Todo este movimiento ha nacido y crecido desde el otro lado de la mesa mientras nosotros, los expertos psi-, seguimos quietecitos y en silencio. ¿Abrumados?, ¿embriagados de poder?, ¿exhaustos?, ¿avergonzados? En fin, es tarde ya para enmendar cómo salimos en la foto. Tuvimos tiempo para posar mejor, ¿lo perdimos, quizá? En los años setenta, fueron los sanitarios los que llevaron adelante la ruptura con los terribles manicomios; ahora son los mismos pacientes quienes se desatan. A Lou Lubie la tuvieron nueve años mareada entre diagnósticos incongruentes y a Sylvia Plath le tocó un psiquiatra petulante que estaba más atento a su atractivo que a su relato; Ángel Martin, qué alivio, agradece que lo sujetaran a la cama para no fugarse de la sala de psiquiatría y lesionarse a sí mismo en una fase maniaca. Y siempre suele aparecer, hacia el último capítulo, quien les sabe sacar del atolladero.
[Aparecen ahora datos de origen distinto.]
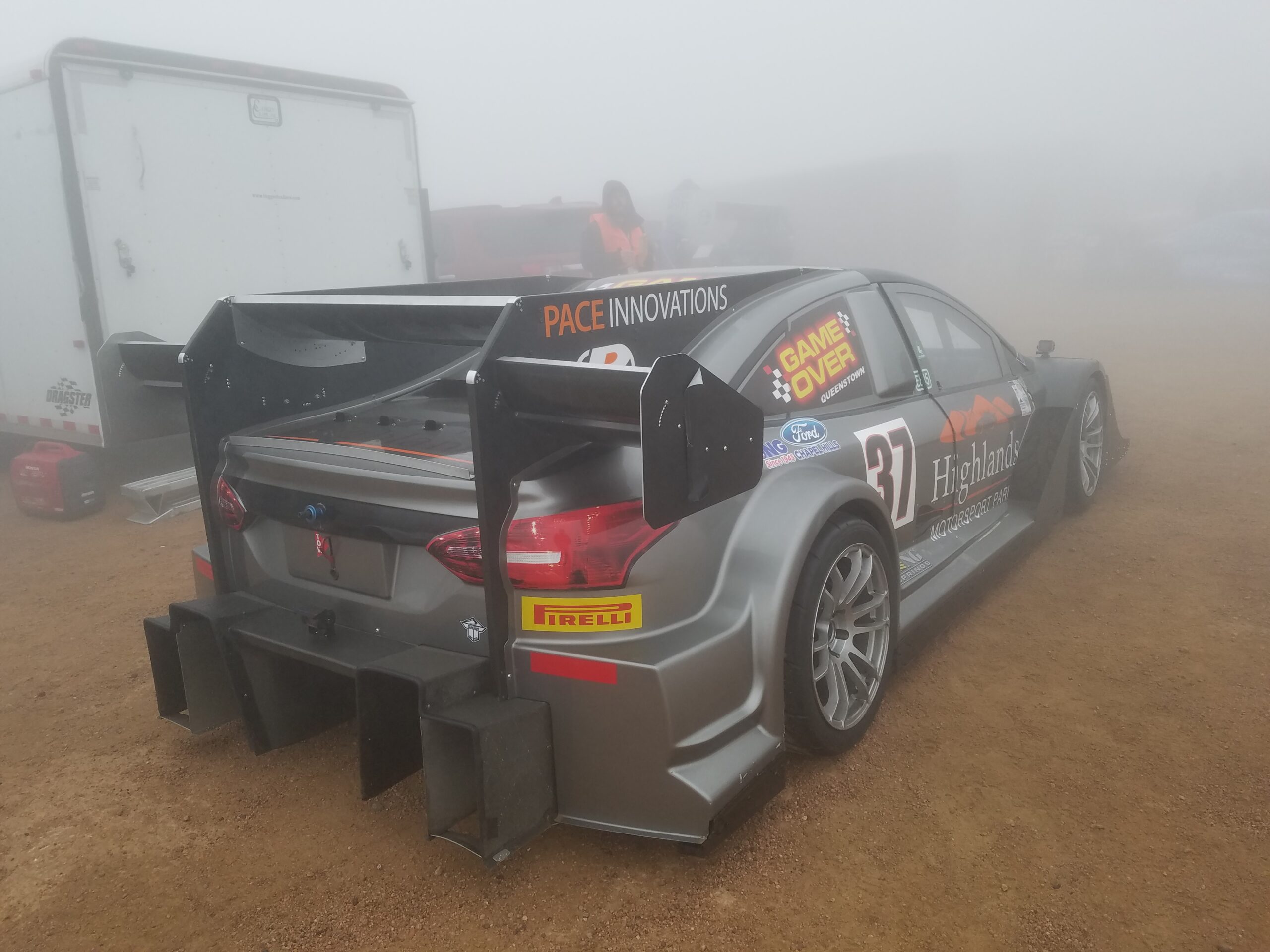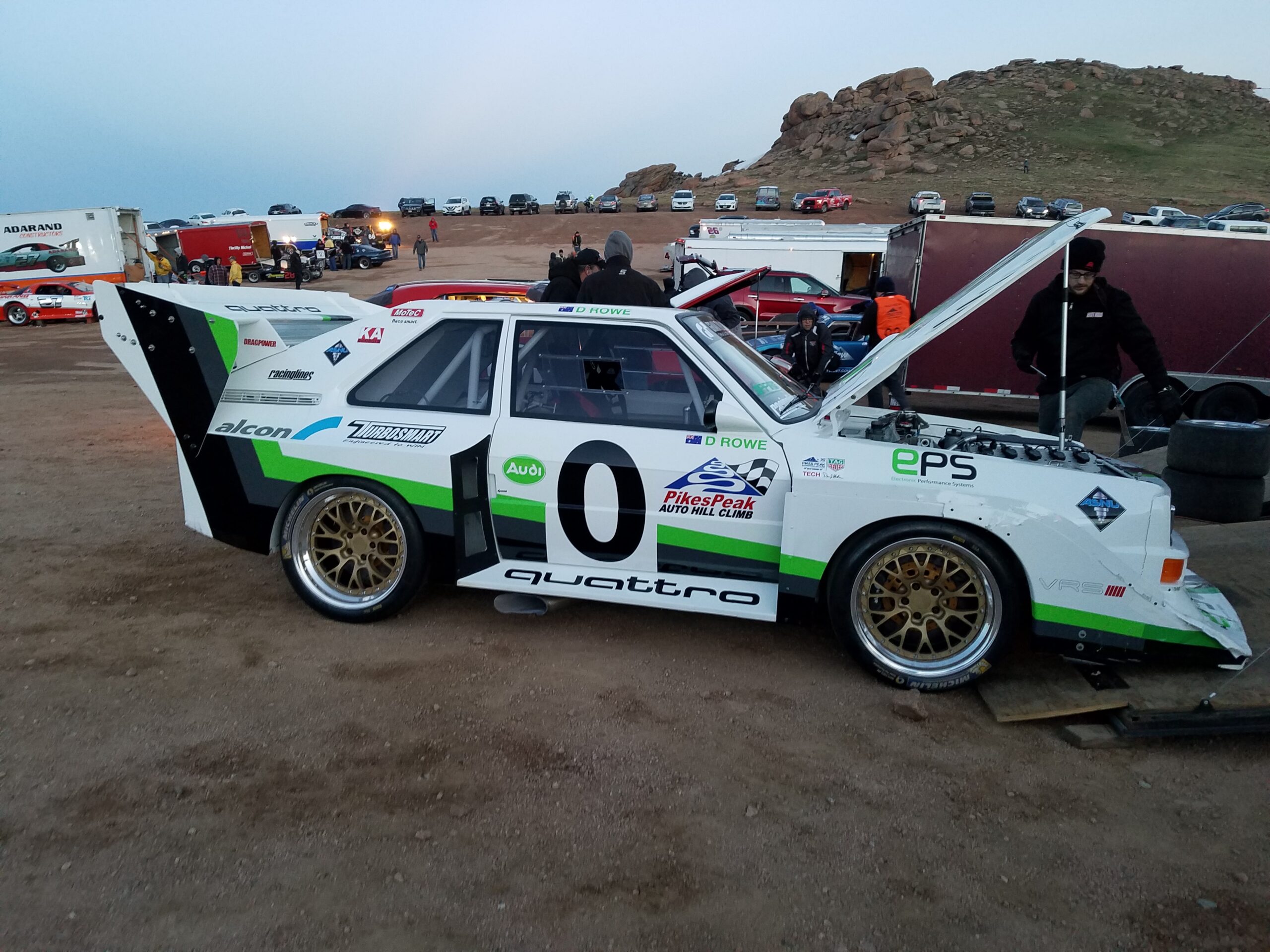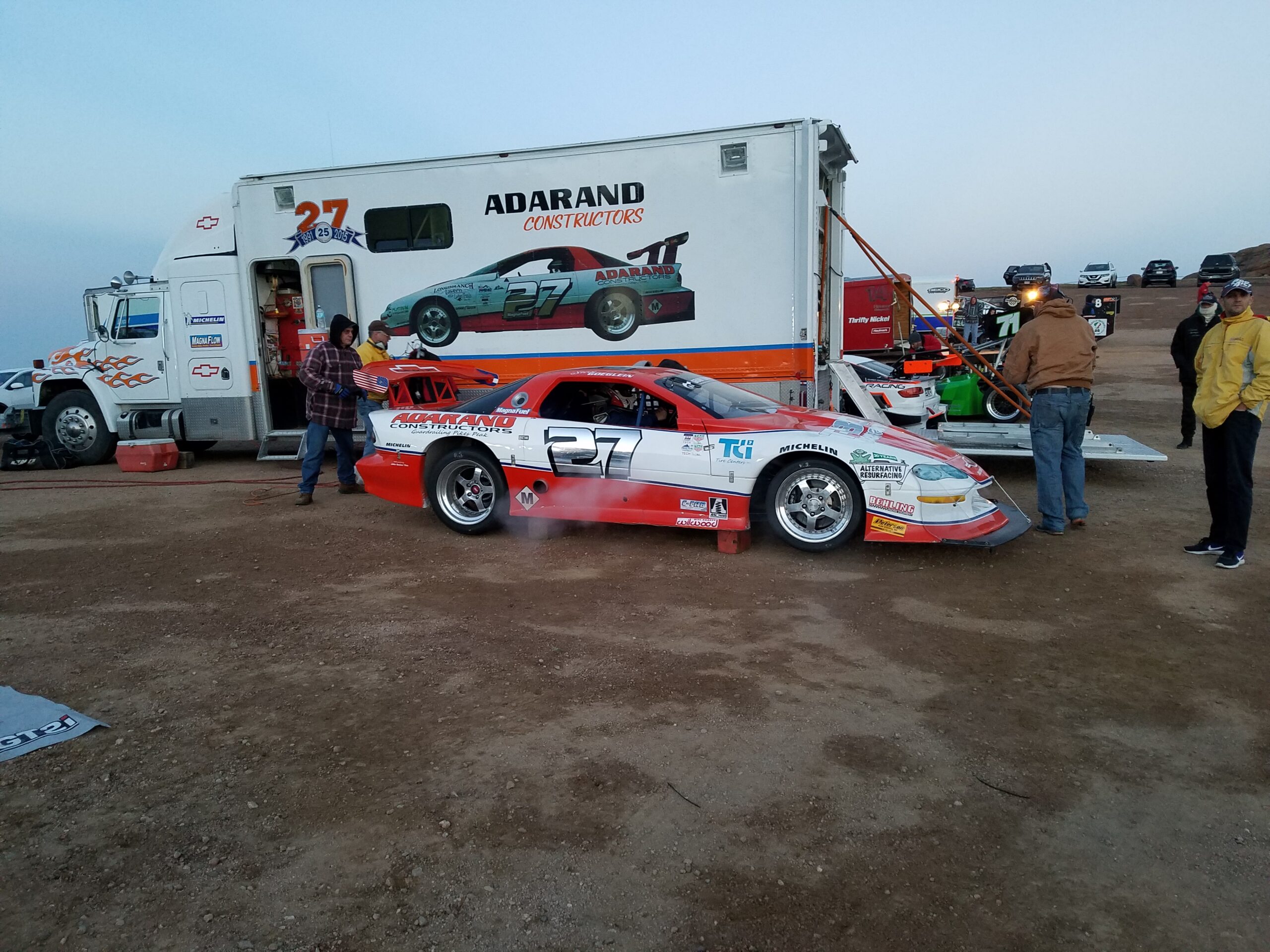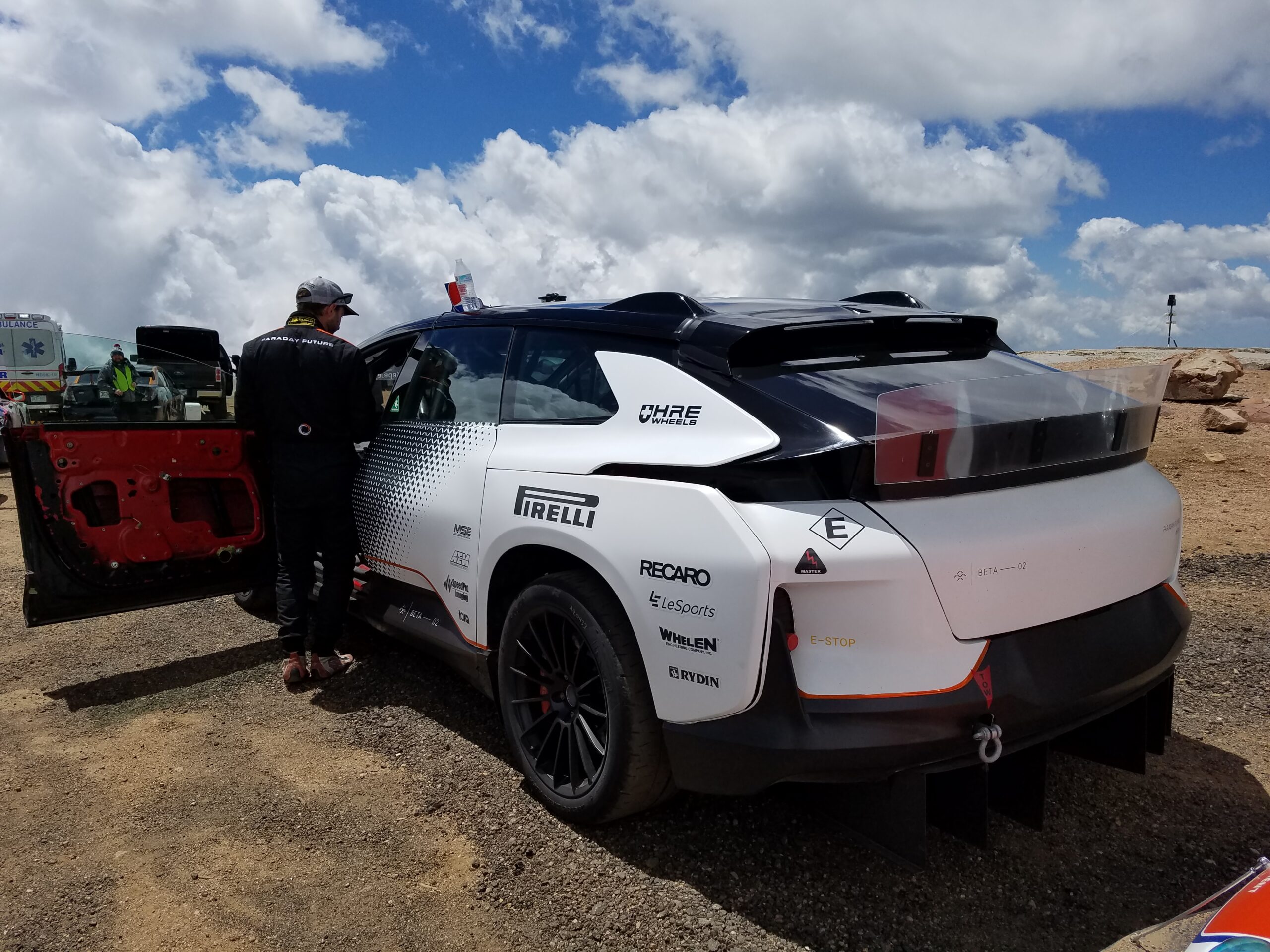 The last five cars at the event had their race cut short when a hailstorm at the summit created another white out and made people run to safety. Hail stones, no matter how little, are very solid when you’re 14,000 feet up. Feels like getting hit with low pressure BB gun pellets.

Por fin el dolor crea algo distinto de más dolor. Estos relatos no son colecciones de casos clínicos. Nada que ver con los tratados que estudié en la academia. Abren una puerta a la extrañeza y al dolor que no podíamos franquear hasta hace poco. Y una vez dentro, uno siempre sabe que caminará más ligero cuando vuelva afuera. “Para las voces ─reza la dedicatoria del libro de Ángel Martín─ Por si de repente descubrimos que también saben leer” Bienvenidas sean, señoras voces.